Example: In an enterprise environment, this link can point to the internal OT or IT support portal so users know exactly where to report access issues or data problems.

[Image placeholder: Links section with documentation URL, support URL, and visibility toggles]

Require users to acknowledge terms

The Terms section lets administrators require users to accept a text after login.

This can be used for:

  • terms of use
  • compliance notices
  • internal security rules
  • data usage guidance

Enable terms acknowledgment

To require users to accept terms after login:

  1. Open Configuration > General.
  2. In Terms, enable Require users to accept terms after login.
  3. Enter a Dialog Title.
  4. Enter the text in the Terms editor.
  5. Click Save.

The current UI uses a rich-text editor, so you can format the text instead of entering plain unstructured content.

What users will experience

After this feature is enabled, users are prompted with the configured dialog after login and must acknowledge the text before continuing.

Example: A manufacturing company may require users to acknowledge that the instance contains production-related data and must be used according to internal governance and security rules.

[Image placeholder: Terms section with the acknowledgment toggle, dialog title field, and rich-text editor]

Save and verify your changes

The General page uses one Save button at the bottom of the form.

A practical workflow is:

  1. Update the Basic section first.
  2. Configure dependent sections such as Registration.
  3. Add user-facing links in Links.
  4. Configure Terms if required.
  5. Click Save.
  6. Verify the result in the relevant place, for example the login page or a test registration flow.

This verification step matters because several settings affect what users see before they even start using adapters, pipelines, or dashboards.

Typical workflows

Prepare a new shared instance

  1. Set the App Name.
  2. Configure the public Protocol, Host, and Port.
  3. Save the page once so the instance no longer relies on defaults.
  4. Configure mail settings next if the instance should support email-based flows.

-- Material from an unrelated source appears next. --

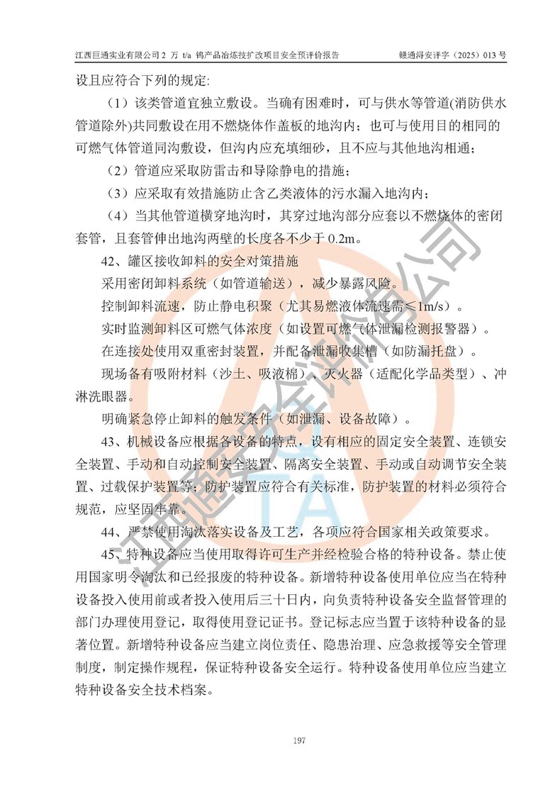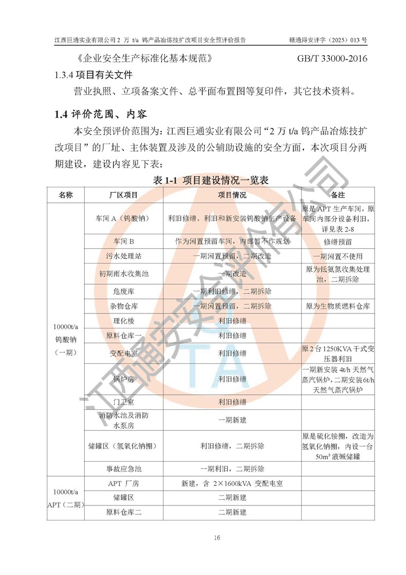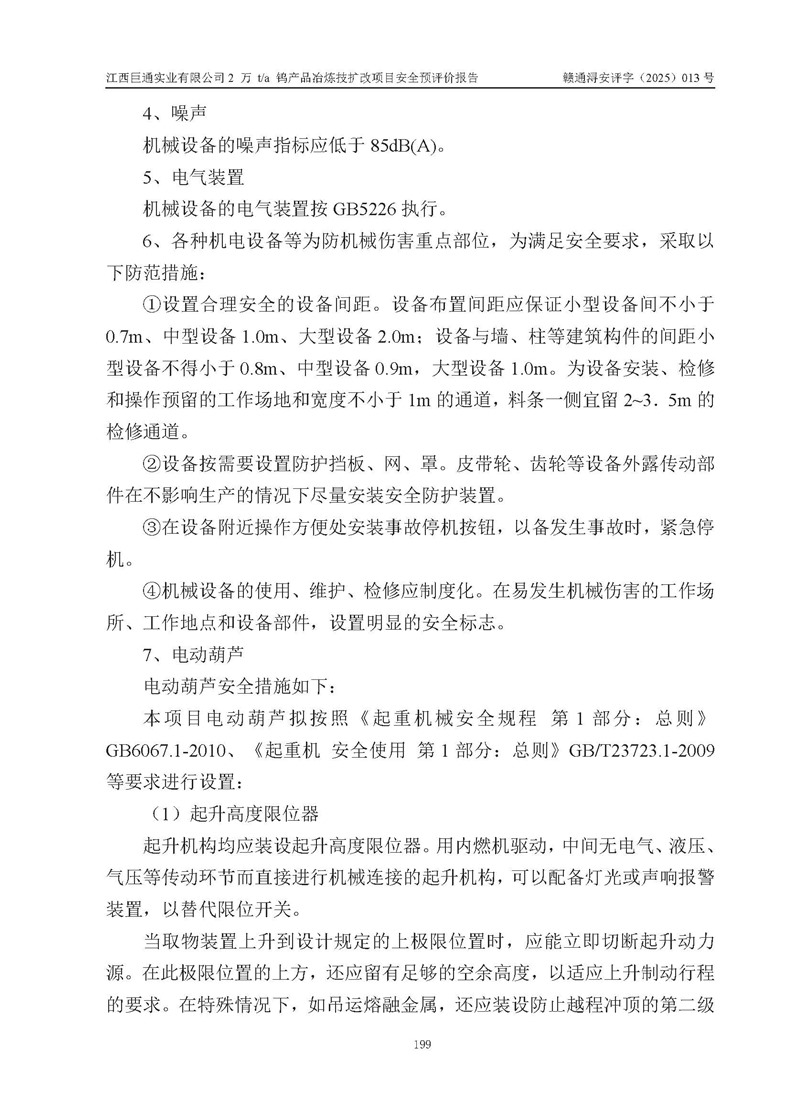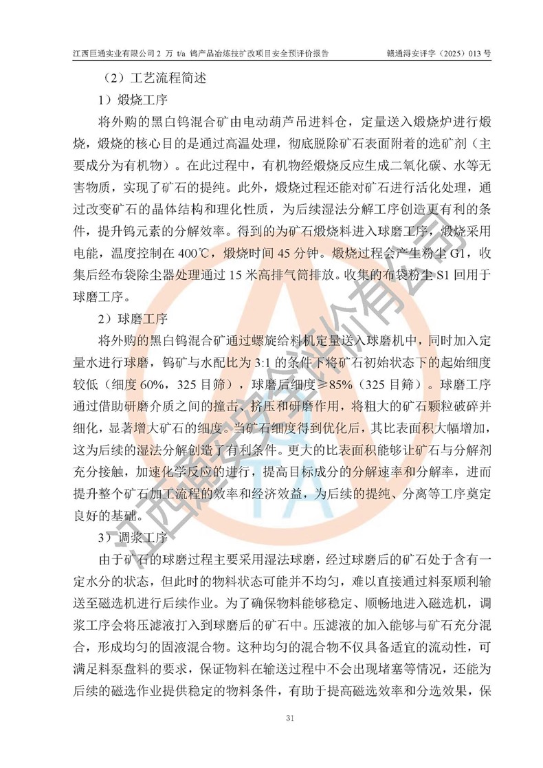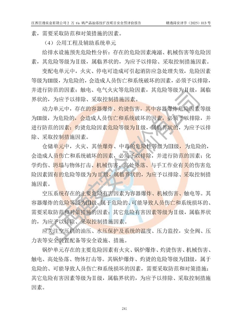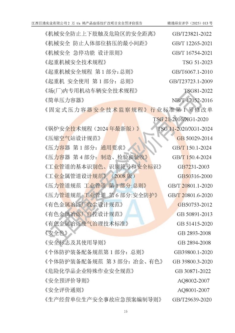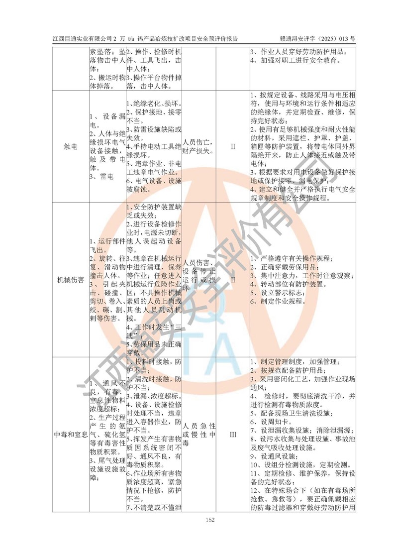 评价报告名称 | 江西巨通实业有限公司2 万 t/a 钨产品冶炼技扩改项目安全预评价报告 | |||

Enable self-service onboarding

  1. Configure the Basic section.
  2. Configure Mail.
  3. Enable Allow self-registration.
  4. Choose conservative default roles.
  5. Enable password recovery if required.
  6. Save and test the login page workflow.

Add organization-specific help and policy content

  1. Add the documentation link.
  2. Add the support link.
  3. Decide where those links should be visible.
  4. Enable terms acknowledgment if users must accept a policy after login.
  5. Save and validate the user-facing result.

Common pitfalls

  • Do not enable self-registration before host and mail settings are working.
  • Do not use internal-only hostnames if users receive externally visible links by email.
  • Choose default roles conservatively when enabling self-service onboarding.
  • Keep documentation and support links current because they become part of the login experience.
  • If you require terms acknowledgment, maintain the text like any other user-facing policy content.